There is a difference between a business opportunity and an existing business that is for sale. The business opportunity term often is used to describe both a business idea offered for sale, and a company that has been operating for a while. It’s important that a buyer understands the distinction.
When someone interested in owning a small California business hears reference to a business opportunity, it could be meant in the broad sense to include the opportunity to buy an ongoing company, or to describe the opportunity to be in a business that has yet to exist. Examples include work-at-home situations like stuffing envelopes or assembling products from parts provided, furnishing billing or other services for dentists and other professionals, and direct marketing systems in which the investor buys a stock of home ware or other items, then works with people he or she recruits to make sales of that inventory to people they know. There is an important distinction that a buyer should understand, and four ways in which the two are different. They are:
1. If the food service business, retail shop or other kind of company being offered for sale has an operating history, with customers and suppliers, it’s obviously an opportunity to take over an enterprise that already has proved its value. What can be confusing is when sales people for a business opportunity are offering an idea for a company that may be working successfully in other locations, but will be established locally only if the buyer agrees to set it up--pay the seller for that idea and some of the resources needed to implement it.

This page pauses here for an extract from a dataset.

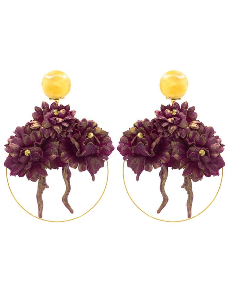Flamenco ring earring with coral detail and bougainvillea fabric fabric
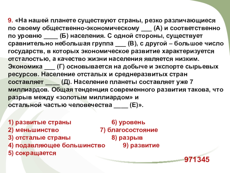 3) отсталые страны 8) разрыв

2. A business opportunity ordinarily can be purchased with less money than will be required to acquire an ongoing business. The owner of an established company with a history of sales and earnings has several components of his business to sell, including hard assets – inventory, equipment, fixtures, and soft assets such as good will, customer list, some training from the seller and a covenant not to complete. There are fewer assets to offer with a business opportunity and it will have a smaller number on its price tag.
3. Higher risk is associated with a business opportunity as distinct from an ongoing business that already has established a pattern of selling to customers, collecting the proceeds, paying expenses and providing the balance for the owner to enjoy as payment for work performed and return on invested capital.
4. Because of this risk and the fact that some business opportunities turn out to provide less success for the owner than he or she was led to believe, the Federal Government has stepped in with rules about some of the ways a business opportunity can be sold. The most important of the regulations is the disclosure that sellers are required to provide to prospective buyers. Under this rule, no purchase can take place until at least seven days after the disclosure has been provide to the buyer. Chief among the provisions of the disclosure is the requirement that the seller provide names and contact information for others who have purchased the opportunity. That way, the prospective buyer can talk to owners in the business opportunity system to find out the benefits, the problems, and to ask if other buyers feel they made the right decision when committing to purchase the business opportunity.
The timing of due diligence is different with an existing business that is being sold. The buyer usually obtains an agreement with the seller on price and terms, with various contingencies, including the right to inspect the books and make sure the business does, in fact, perform as the seller reported. Only if the buyer is satisfied can the transaction move toward closing. But no agreement can be signed, no money can change hands for a business opportunity until the buyer has first had a chance to conduct the due diligence.
A sound business opportunity might be the right choice for a buyer who is ready to purchase his or her own business, but doesn’t have the money or skills needed to purchase an ongoing operation. But buyers need to be cautious about paying for a concept that has not yet proved to be successful.